For your question on the bottom bracket I recommend checking with the Giant sub-forum on this site if you haven't already.


----------



## noapathy (Jun 24, 2008)

I'd agree with the above - correct wheel size is always the best option, but if you're short on cash and have some 2.4"+ tires that would probably get you by till you could save the cash for a new fork/wheelset. Happy riding!


----------



## Guest (Dec 28, 2014)

1 option you have is 26+ tires which depending on brand will effectively equate to 650b. The surly DW is one such tire.
Wheels | Parts and Accessories | Surly Bikes


----------



## gotdurt (Jul 3, 2008)

I'm interested in hearing how this went; thinking about ordering a 27.5 frame to replace my 26, with the intent of eventually moving to 27.5 wheels. Bottom bracket height will be affected by 1/2" +/-, depending on what frame I go with (There is almost 1" different just between my two 26" bikes). My fork is a long-ish 130, so it shouldn't hurt anything (most of the frames I'm looking at are designed for 100-140mm).


----------



## Goran13 (Jun 26, 2012)

The wheelsize difference will be minimal, but take it into consideration. That frame is a different geometry and bb height will depend on the fork used along with wheel size. 
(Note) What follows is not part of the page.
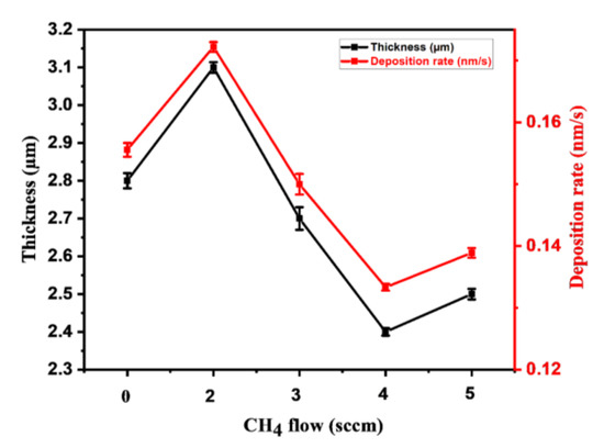 Figure 1 shows the variation of the thickness and deposition rate versus the CH4 gas flow.
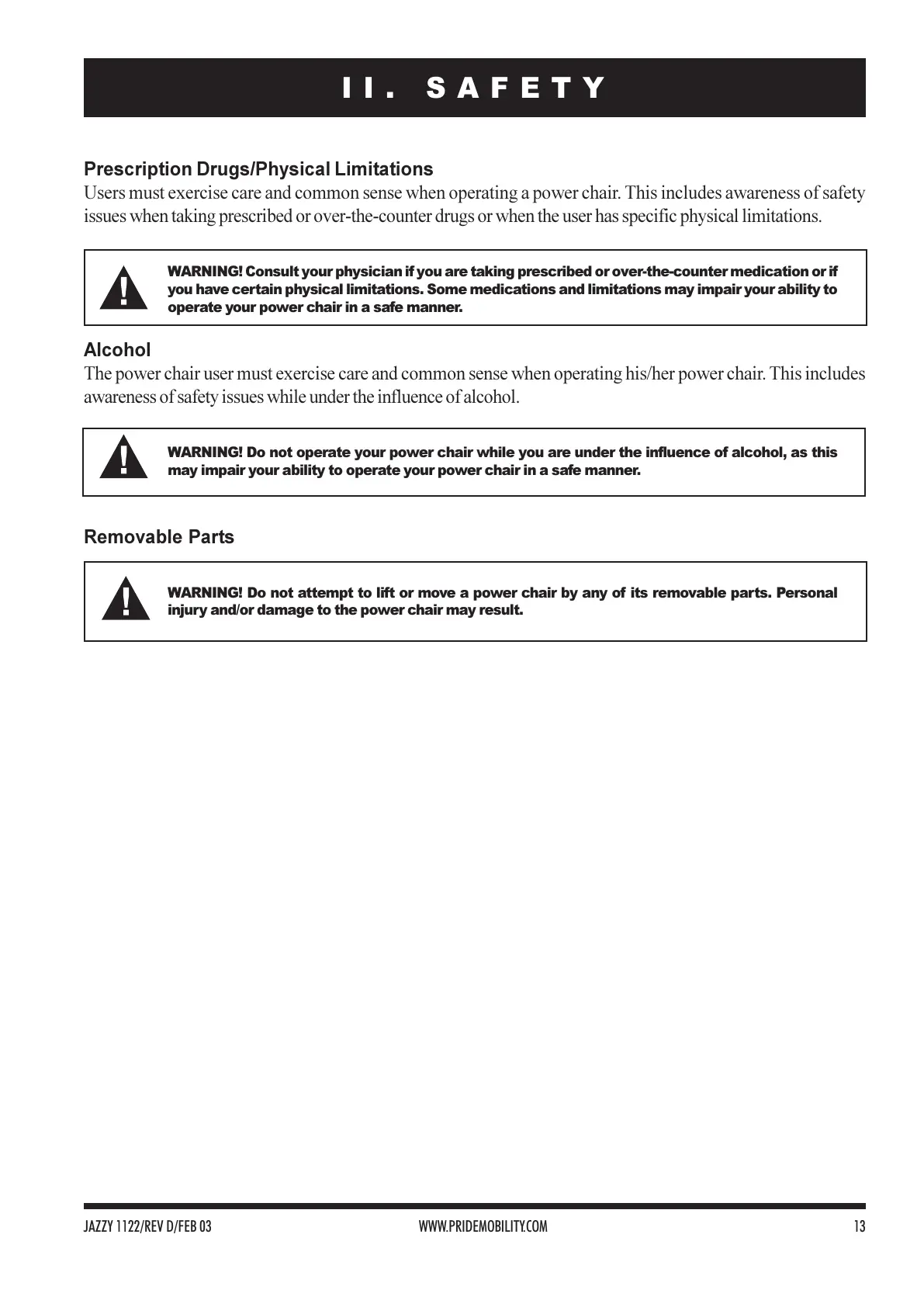 JAZZY 1122/REV D/FEB 03 WWW.PRIDEMOBILITY.COM 13

The BB on the other hand... I just replaced a pressfit 86/92mm on my Fuel EX8. What I found is that you can pretty much put any BB that is in the 86mm to 92mm range and it will work. The BB you should not use is a BB30, that's a different animal and is found on road bikes mainly. 
What you have to pay attention to is the axle outter diameter of the crank you're using. Mine was a Shimano and it was 24mm. You can mess with spacing rings and such to adjust chain line but really just stuff one in there. I got one from Wheels Manufacturing and it has a nice aluminium shell with angular contact bearings. They offer a few different bearings in different price ranges. Take a look at their site. There are many other companies that offer the same thing for different prices. KCNC, Chris King, SRAM GXP to name a few. 

Do the reading and understand what you have before purchasing as it could quickly become a headache if you order the wrong axle size in a bottom bracket. That's just my experience, anyone else have some other helpful tips?


----------



## 70sSanO (Nov 20, 2013)

Just a couple of thoughts.

The cleanest route is to sell the 26" stuff and get 27.5" stuff as everyone has already said.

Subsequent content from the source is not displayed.